I will sketch out how in-place radix sort works, but I’ll leave the work of implementing it and measuring it to “future work.” I’ll explain why I didn’t implement it after I explain how it works.

We can’t build on top of counting sort because counting sort needs to copy results into a new buffer. But there is an in-place O(n) sorting algorithm called American Flag Sort. It works similar to counting sort in that you need an array to count how often each element appears. So if we sort bytes, we also need a count array of 256 elements. Then we also compute the prefix sum of this count array, like we did in counting sort. Only the final loop is different:

In the final loop of counting sort, we would directly move elements into the position that they need to be at. The prefix sum would tell us directly what the right position is.

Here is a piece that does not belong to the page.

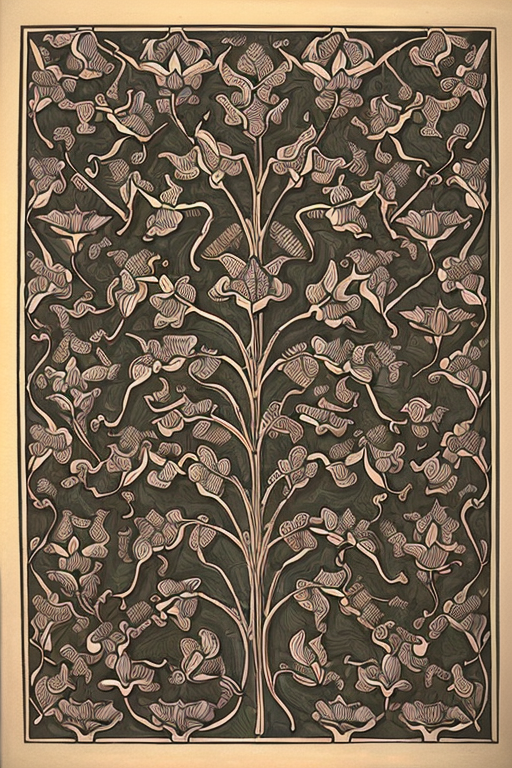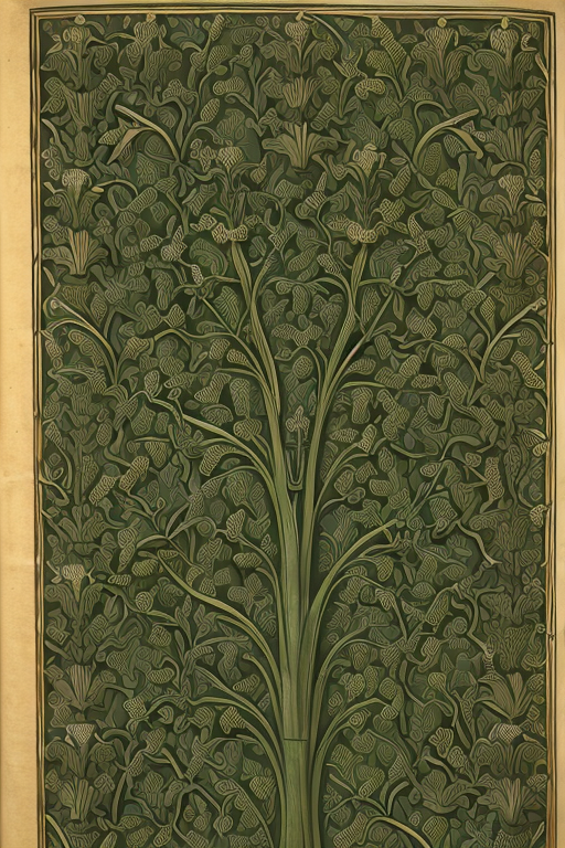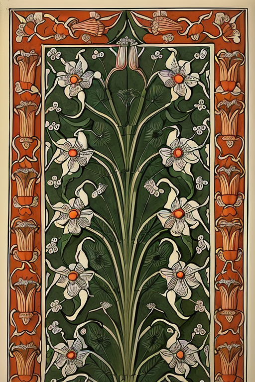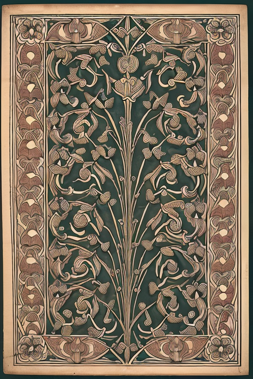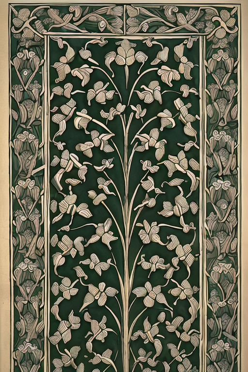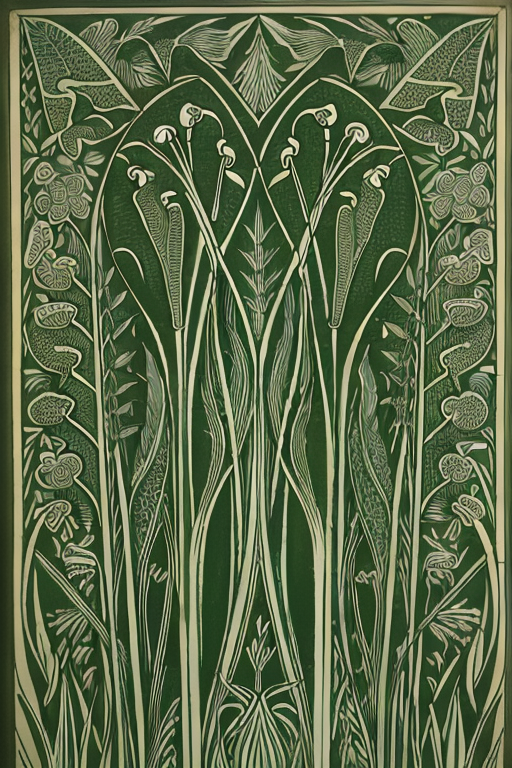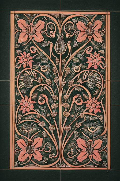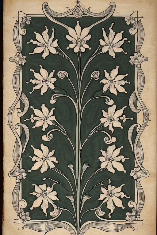 This embedding is based on 30 patterns from La plante et ses applications ornementales — cooked for a total of 300 steps on base SD 1.5: 16 vectors per token, a 0.004 learning rate, a batch size of 6, and 5 gradient steps. It can make some quite lovely patterns; with the right weights, you can also push them in a more naturalistic or abstract direction.

Since American Flag Sort is in-place, we need to swap instead. So let’s say the first element in the array actually wants to be at position 5. We swap it with whatever was at position 5. If the new element actually wants to be at position 3, we swap it with whatever was at position 3. We keep doing this until we find an element that actually wants to be the first element of the array. Only then do we move on to the second element in the array.

What tends to happen is that all the swapping at the first element moves a lot of elements into the right positions. Then all the swapping at the second element moves a lot more elements into the right position. So by the time that we’re a third of the way through the array, most elements are actually already sorted. So a lot of work happens on the first few elements, but at the later elements you mostly just determine that the elements are already where they want to be.

If you implement this you will need two copies of the prefix array. One copy that you change as you swap elements into place, (so that if two elements want to be in the bucket starting at position 5, the first one gets moved to position 5, and the second one to position 6) and one copy that you leave unchanged so that you can determine whether the element is already in the bucket that it wants to be in. (otherwise the element that you swapped into position 5 would think that its bucket now starts at position 6)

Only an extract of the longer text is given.